> _Problem details_:
The whole listing that follows, pictures excepted, should be printed again exactly as given.

> _Raw data_:
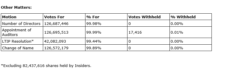 A total of 126,712,930 common shares were voted for at the meeting, being 85.74 per cent of the company's total issued and outstanding common shares. A majority of shareholders voted in favour of the management resolutions brought before the meeting.
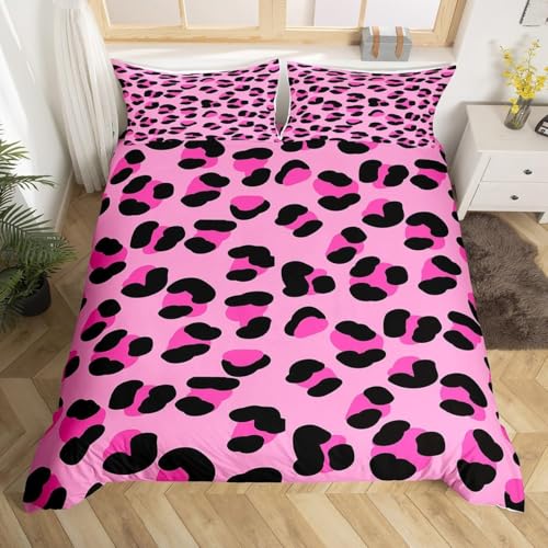 Homewish Leopard Print Bedding Duvet Cover Set Double Size For Kid Teen Adult Cheetah Leopard Decotive 3 Piece Comforter Cover Set And 2 Pillow Sham Africa Animal Theme Pink Black
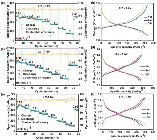 The electrochemical performance of PO-VO2//Zn batteries: (a,b) the rate performance at different current densities and corresponding galvanostatic charge-discharge curves in the voltage of 0.2–1.4 V; (c,d) the rate performance at different current densities and corresponding galvanostatic charge-discharge curves in the voltage of 0.2–1.5 V; (e,f) the rate performance at different current densities and corresponding galvanostatic charge-discharge curves in the voltage of 0.2–1.6 V.

> _Task solution_:
 A total of 126,712,930 common shares were voted for at the meeting, being 85.74 per cent of the company's total issued and outstanding common shares. A majority of shareholders voted in favour of the management resolutions brought before the meeting.
 Homewish Leopard Print Bedding Duvet Cover Set Double Size For Kid Teen Adult Cheetah Leopard Decotive 3 Piece Comforter Cover Set And 2 Pillow Sham Africa Animal Theme Pink Black
 The electrochemical performance of PO-VO2//Zn batteries: (a,b) the rate performance at different current densities and corresponding galvanostatic charge-discharge curves in the voltage of 0.2–1.4 V; (c,d) the rate performance at different current densities and corresponding galvanostatic charge-discharge curves in the voltage of 0.2–1.5 V; (e,f) the rate performance at different current densities and corresponding galvanostatic charge-discharge curves in the voltage of 0.2–1.6 V.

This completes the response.